**ASSIGNMENT:** The entries are to be output word for word, with the pictures omitted.

Data items

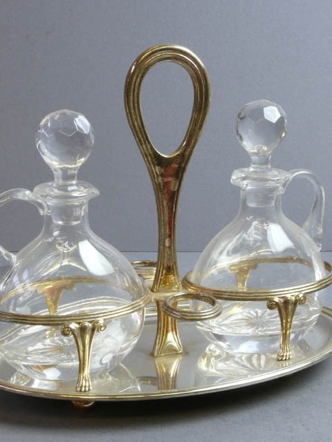 E.P. SILVER OVAL STAND WITH CRYSTAL OIL AND VINEGAR DECANTERS
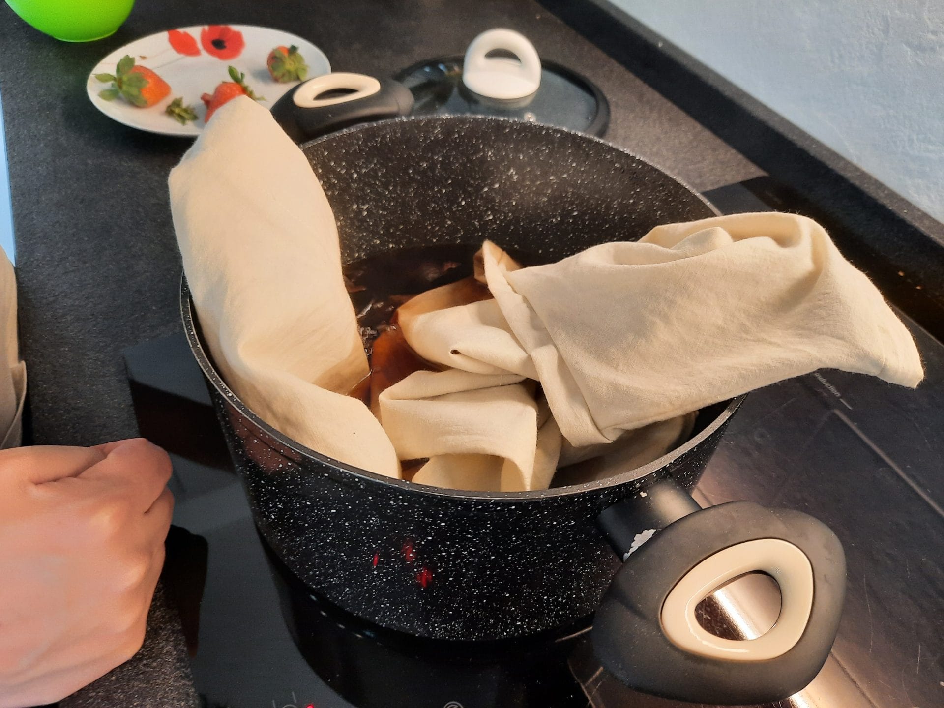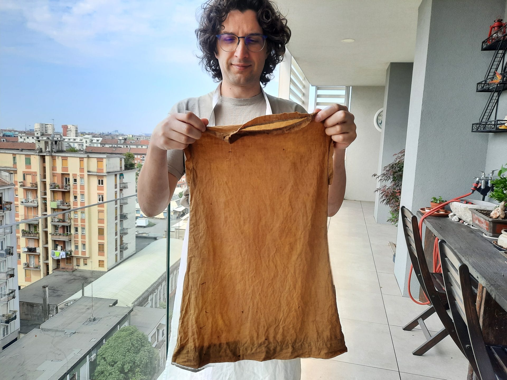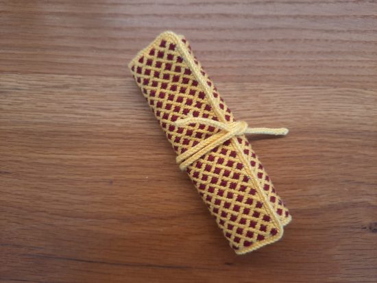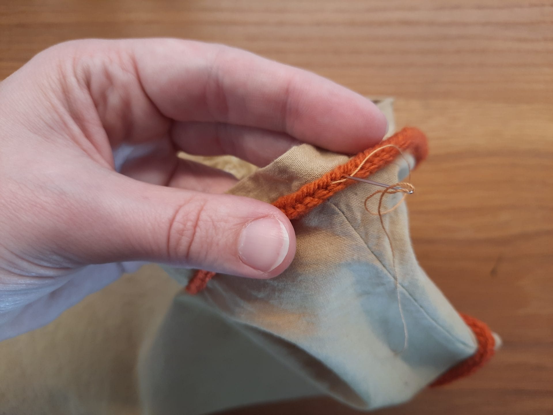 The fabric has been dyed with onions to give it an orangish tone. Completed with orange decorative braids on the neckline and arm holes, made using the lucet tool for cordmaking. The belt has been made with the same braiding method and yarn.
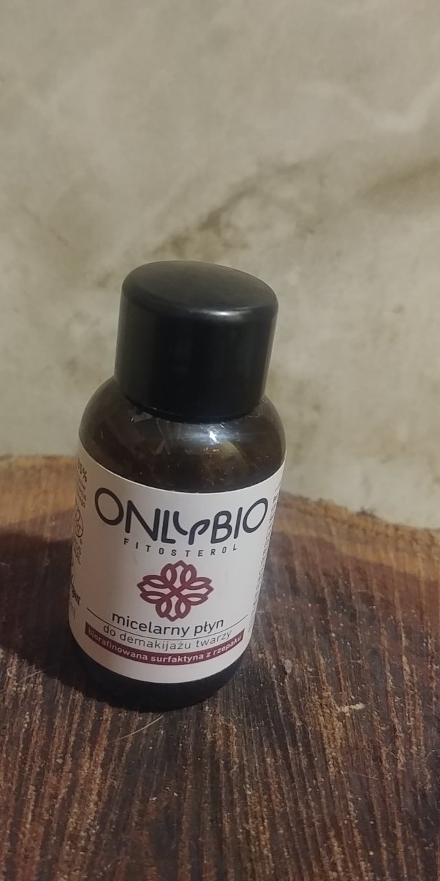 OnlyBio - płyn micelarny do demakijażu twarzy, biorafirowana surfaktyna z rzepaku. Zdecydowałam się na jedno kupno że względu na dobry skład, kupiłam miniaturkę i dobrze że tak zrobiłam. Ogólnie płyn do dobrze zmywa makijaż i oczyszcza twarz, nie zostawia filmu, buzia jest po nim miękka. Ale niestety mnie po jego użyciu pieką oczy jak by nie ten minus płyn zagościł by na długo na mojej półce.
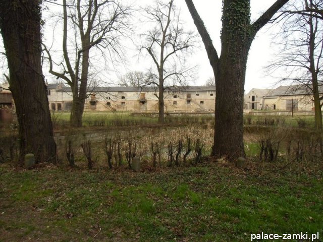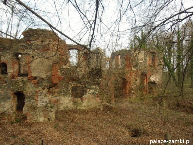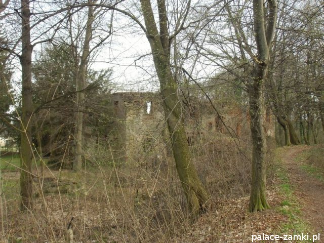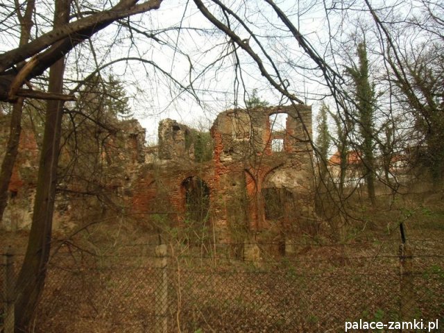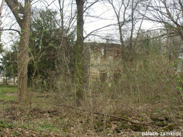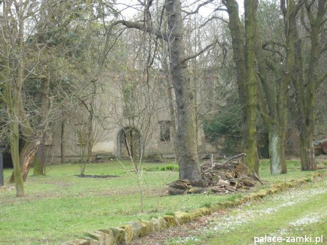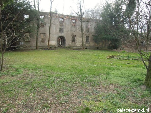 Pierwotny, renesansowy dwór obronny otoczony fosą, został wzniesiony pod koniec XVI w. przez ówczesnego właściciela von Gersdorfa na miejscu dawnego grodziska. Następnie w XVIII w. przebudowano go na barokowy pałac, który w XIX w. otrzymał swój neorenesansowy wygląd. W 1830 r. pałac przechodzi na własność Manfreda von Richthofena, podróżnika, kolekcjonera, który zgromadził w pałacu dużą kolekcję dzieł sztuki i zbiory etnograficzne z całego świata. Zasadził on w przypałacowym parku i oranżeriach dużą ilość egzotycznych roślin, a dla swojej żony (szwedzkiej aktorki) wybudował w parku basen kąpielowy. Pod koniec II wojny światowej gościł tu przez tydzień gubernator Hans Frank, przywożąc ze sobą kolekcję dzieł sztuki zrabowaną na Wawelu i muzeum Czartoryskich. W 1945 roku pałac spłonął i pozostaje w ruinie.
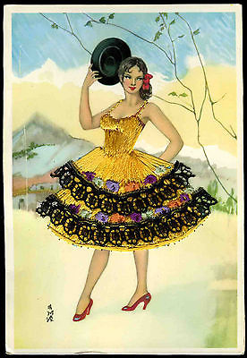 Vintage 1970's Postcard Embroidered Silk Spanish Dancer Woman in yellow dress

**WRITTEN SOLUTION:**
 E.P. SILVER OVAL STAND WITH CRYSTAL OIL AND VINEGAR DECANTERS
 The fabric has been dyed with onions to give it an orangish tone. Completed with orange decorative braids on the neckline and arm holes, made using the lucet tool for cordmaking. The belt has been made with the same braiding method and yarn.
 OnlyBio - płyn micelarny do demakijażu twarzy, biorafirowana surfaktyna z rzepaku. Zdecydowałam się na jedno kupno że względu na dobry skład, kupiłam miniaturkę i dobrze że tak zrobiłam. Ogólnie płyn do dobrze zmywa makijaż i oczyszcza twarz, nie zostawia filmu, buzia jest po nim miękka. Ale niestety mnie po jego użyciu pieką oczy jak by nie ten minus płyn zagościł by na długo na mojej półce.
 Pierwotny, renesansowy dwór obronny otoczony fosą, został wzniesiony pod koniec XVI w. przez ówczesnego właściciela von Gersdorfa na miejscu dawnego grodziska. Następnie w XVIII w. przebudowano go na barokowy pałac, który w XIX w. otrzymał swój neorenesansowy wygląd. W 1830 r. pałac przechodzi na własność Manfreda von Richthofena, podróżnika, kolekcjonera, który zgromadził w pałacu dużą kolekcję dzieł sztuki i zbiory etnograficzne z całego świata. Zasadził on w przypałacowym parku i oranżeriach dużą ilość egzotycznych roślin, a dla swojej żony (szwedzkiej aktorki) wybudował w parku basen kąpielowy. Pod koniec II wojny światowej gościł tu przez tydzień gubernator Hans Frank, przywożąc ze sobą kolekcję dzieł sztuki zrabowaną na Wawelu i muzeum Czartoryskich. W 1945 roku pałac spłonął i pozostaje w ruinie.
 Vintage 1970's Postcard Embroidered Silk Spanish Dancer Woman in yellow dress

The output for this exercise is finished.